DESCRIPTION OF THE TASK>
Among the entries below, find the line with "办公室组织人员对公共区域和办公区域进行全方位消杀" and the line with "This bingo card". Return exactly those lines and every line between them, but no pictures.

EXCERPTED DATA>

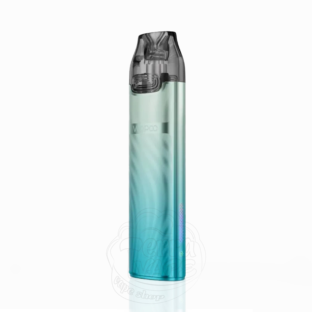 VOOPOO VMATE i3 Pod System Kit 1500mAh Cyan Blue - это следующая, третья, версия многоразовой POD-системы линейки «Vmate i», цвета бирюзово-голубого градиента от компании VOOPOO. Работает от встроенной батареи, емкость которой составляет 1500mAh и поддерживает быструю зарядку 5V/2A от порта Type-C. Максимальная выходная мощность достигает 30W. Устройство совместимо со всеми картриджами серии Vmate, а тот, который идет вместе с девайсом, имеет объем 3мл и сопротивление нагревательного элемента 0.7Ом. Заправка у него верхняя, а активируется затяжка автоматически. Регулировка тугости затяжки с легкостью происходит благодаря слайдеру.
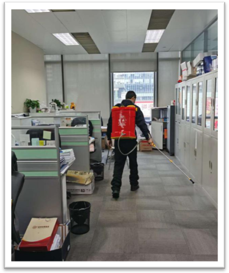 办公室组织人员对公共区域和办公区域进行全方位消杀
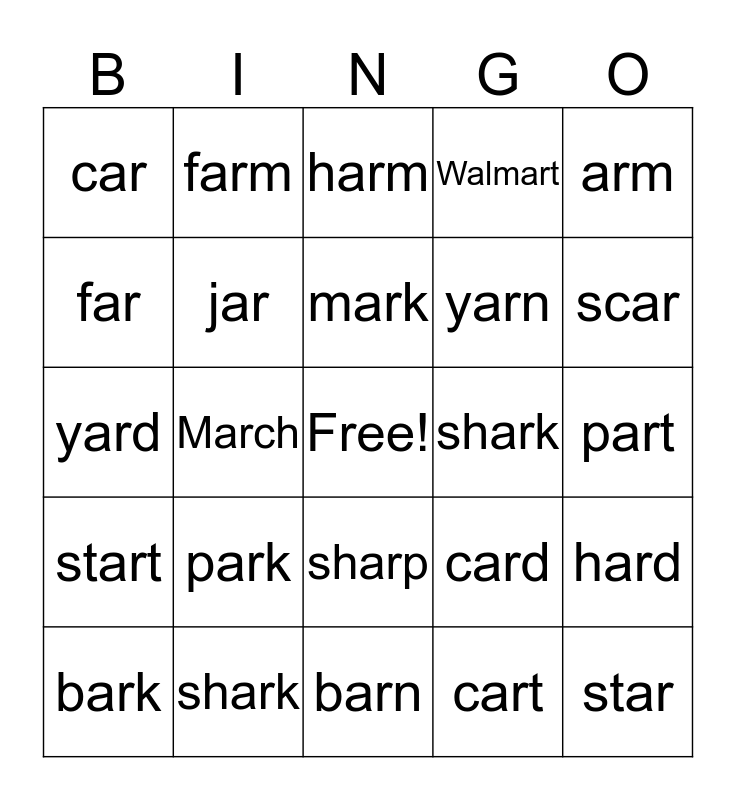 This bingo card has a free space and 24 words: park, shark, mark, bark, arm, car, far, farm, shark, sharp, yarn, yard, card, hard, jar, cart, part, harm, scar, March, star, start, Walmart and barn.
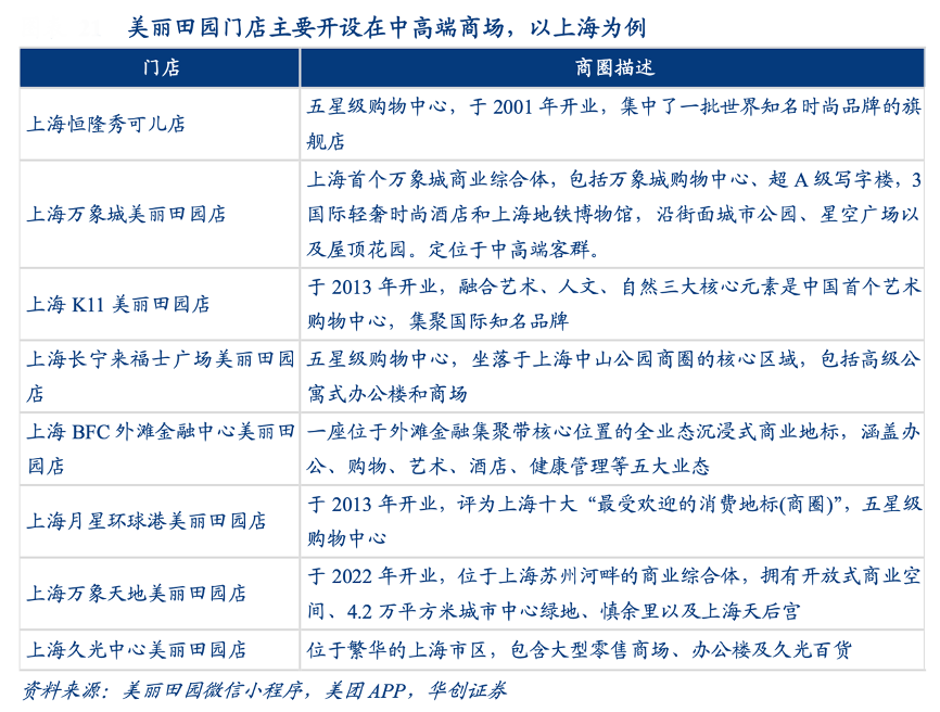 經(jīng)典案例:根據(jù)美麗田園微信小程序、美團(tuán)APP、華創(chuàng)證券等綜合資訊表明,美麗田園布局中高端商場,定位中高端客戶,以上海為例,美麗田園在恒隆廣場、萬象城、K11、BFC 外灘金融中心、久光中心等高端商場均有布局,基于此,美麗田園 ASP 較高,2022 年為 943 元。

* * *

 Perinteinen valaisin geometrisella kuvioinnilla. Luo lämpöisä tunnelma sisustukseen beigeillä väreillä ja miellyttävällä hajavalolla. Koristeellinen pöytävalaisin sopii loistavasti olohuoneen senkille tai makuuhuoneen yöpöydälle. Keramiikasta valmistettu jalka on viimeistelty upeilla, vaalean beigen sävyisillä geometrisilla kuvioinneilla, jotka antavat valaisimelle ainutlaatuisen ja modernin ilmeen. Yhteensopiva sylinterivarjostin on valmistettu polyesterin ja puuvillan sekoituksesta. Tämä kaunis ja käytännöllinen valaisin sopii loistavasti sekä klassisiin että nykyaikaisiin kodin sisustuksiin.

RESPONSE BELOW>
 办公室组织人员对公共区域和办公区域进行全方位消杀
 This bingo card has a free space and 24 words: park, shark, mark, bark, arm, car, far, farm, shark, sharp, yarn, yard, card, hard, jar, cart, part, harm, scar, March, star, start, Walmart and barn.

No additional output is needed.